Last summer, Molly Dillon ’11 was on a national book tour talking to crowds of young people about her time in the Obama White House. Hers was an inspiring tale. Dillon had been selected, when she was just 23, out of 6,000 applicants to be one of 150 interns at the White House. The following year, Dillon became the youngest staffer ever to be hired as a policy advisor for Urban Affairs, Justice and Opportunity in the Domestic Policy Council, where she worked on civil rights, women’s equality, and housing, among other things, until the end of the Obama administration in 2017.
Then in March of 2019, the book of essays that she helped compile and write, Yes She Can: 10 Stories of Hope & Change from Young Female Staffers of the Obama White House, became a New York Times bestseller. The message Dillon hoped to impart during her book tour, though, wasn’t a highlights reel of her successes. She wanted to also talk about failure.
“When people recount their careers, they often only give what I call the Instagram version. There are letdowns and missteps along the way, which I try to emphasize so that young people know they can achieve success after failure.”
—Molly Dillon
“I tell them I went through eight rounds of interviews for a different White House job that I didn’t get before I took the one that I did,” she says.

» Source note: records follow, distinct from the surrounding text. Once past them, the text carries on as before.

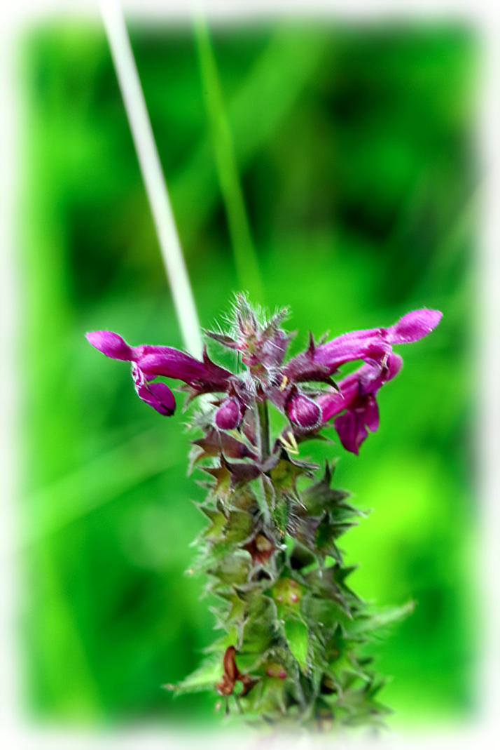 Hedge Woundwort flowering at side of the lane on the climb out of the Keer Valley.
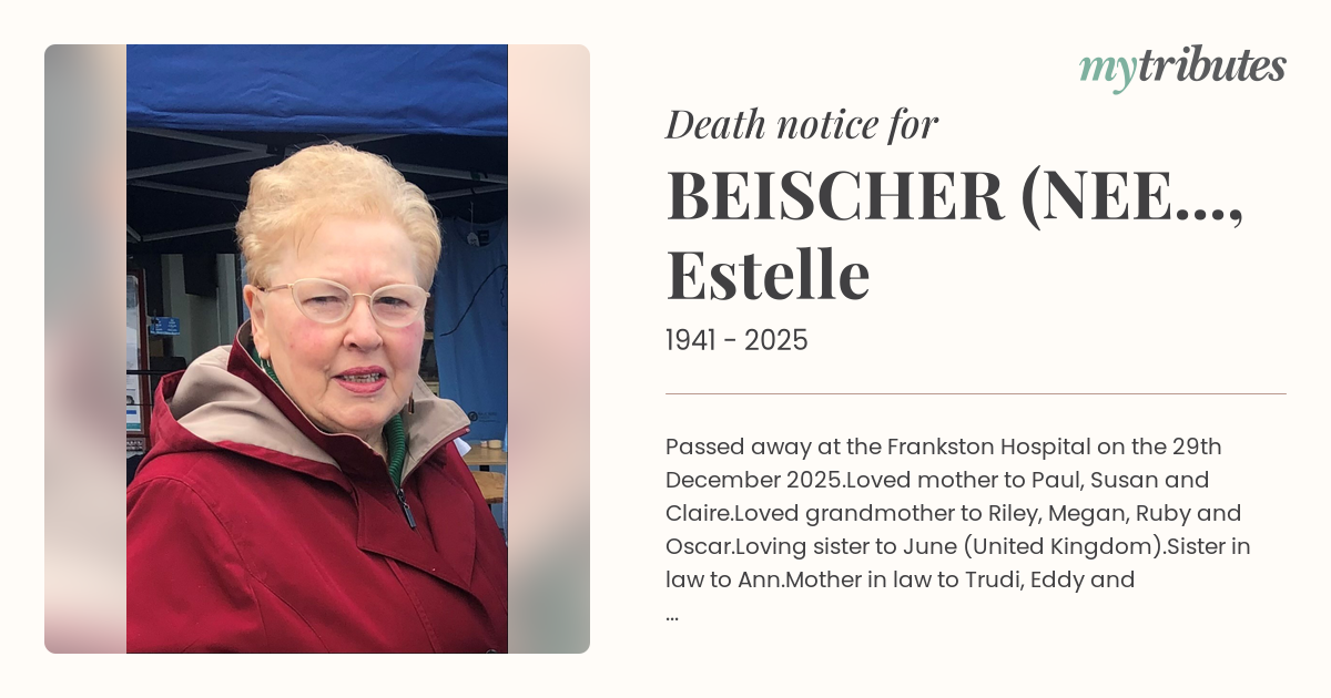 12°CPassed away at the Frankston Hospital on the 29th December 2025.
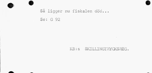 //// I //// i f //// Så ligger nu fiskalen död... Se: G 92 //// i //// KB:s SKILLINGT RYCKSREG. ////
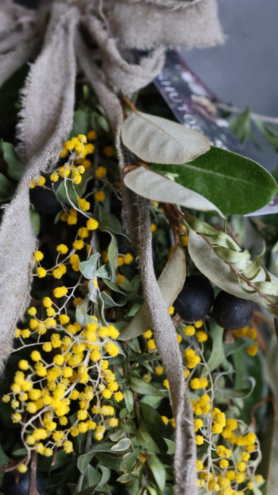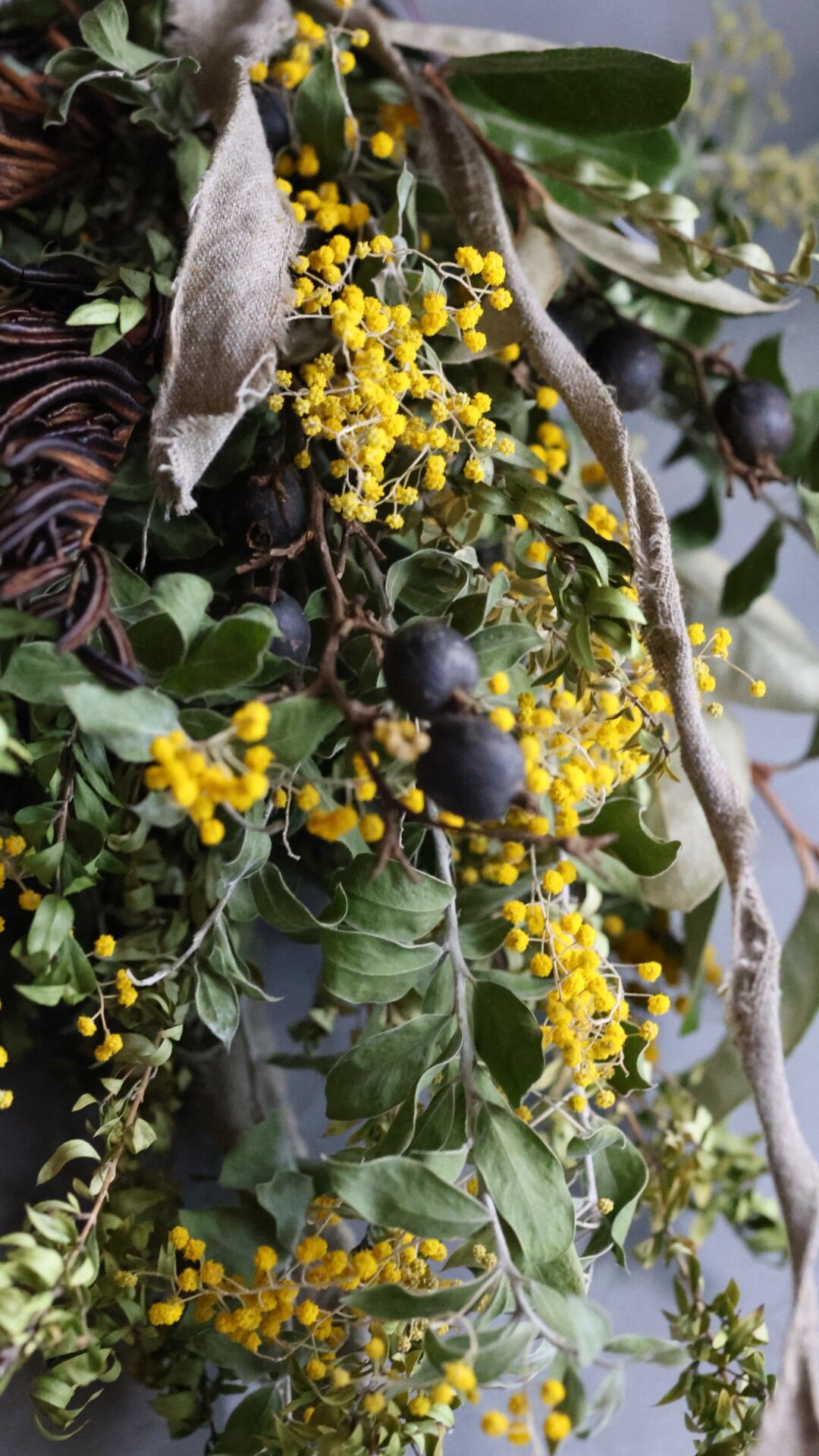 今が旬のパールアカシアに、アンティークな雰囲気の実ものとリボンを合わせました。
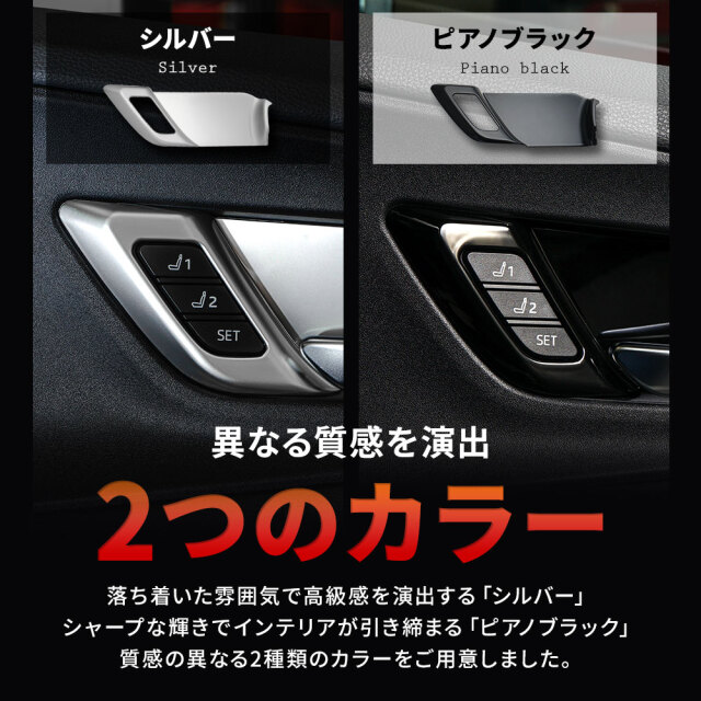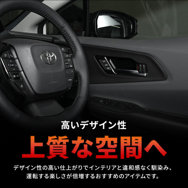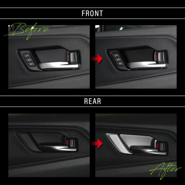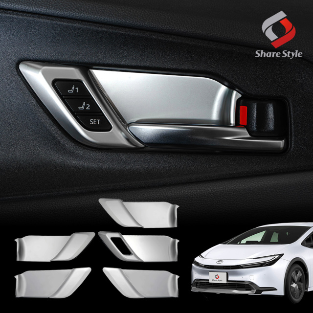ドアハンドルをドレスアップ!キズ防止にも効果的なプリウス60系専用インナードアハンドルカバー [ 材質 ] ABS樹脂 [ セット内容 ] 5p+取扱説明書 [ 装着方法 ] 裏面両面テープ貼り付け ■適合車種 プリウス 60系 MXWH ZVW R5.1~
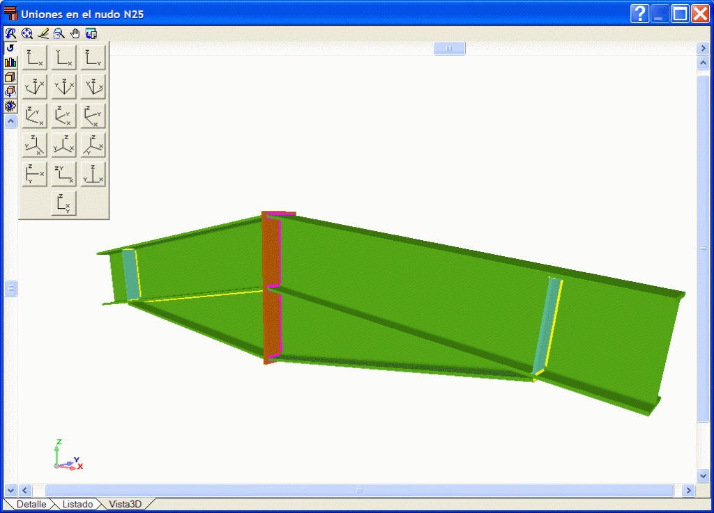La vista 3D de las uniones puede visualizarse seleccionando la solapa Vista 3D que aparece en la parte inferior de la ventana que se activa cuando se consulta una unión.

In her essay for Yes She Can, Dillon writes candidly about feeling unsure after a minor gaffe during a major event at The White House. “You can’t change the past, only how you carry yourself moving forward,” she told herself at the time, and she persevered.
It was at Hopkins that Dillon found her path to public service. She had grown up outside of Chicago in a family infused with a sense of progressive liberalism—her grandfather’s optometry practice in Baltimore was named New Deal Optometry—and she became interested in politics after joining her high school congressional debate league. In her senior year, a senator from her home state named Barack Obama announced his candidacy in Springfield, and Dillon knew she wanted to work to support his agenda. “But I wasn’t sure what that meant,” she says.
Dillon entered her freshman year at Hopkins thinking she would major in political science, but during her first week of school she went to an open house for the sociology department. She lit up at what she heard, realizing that she wasn’t interested in the politics of campaigning, but in the shaping of public policy. With Stephanie DeLuca, James Coleman Professor of Sociology and Social Policy, as her advisor, Dillon says that “a lot of who I am was solidified in those four years,” including becoming a better writer and thinker and developing into “a more caring and aware citizen.”
Yes She Can—written by 10 women in their 20s as a heartfelt and frank behind-the-scenes look at working in the White House—is meant to demystify politics and serve as a resource for the next generation of ambitious women. It includes “A Girl’s Guide to Getting into Government.”
“There are lots of ways to serve the public, both in your professional life and your personal life,” says Dillon, who is now a consultant working on advocacy and public policy. “Having a network of supportive women has always been vital to me.”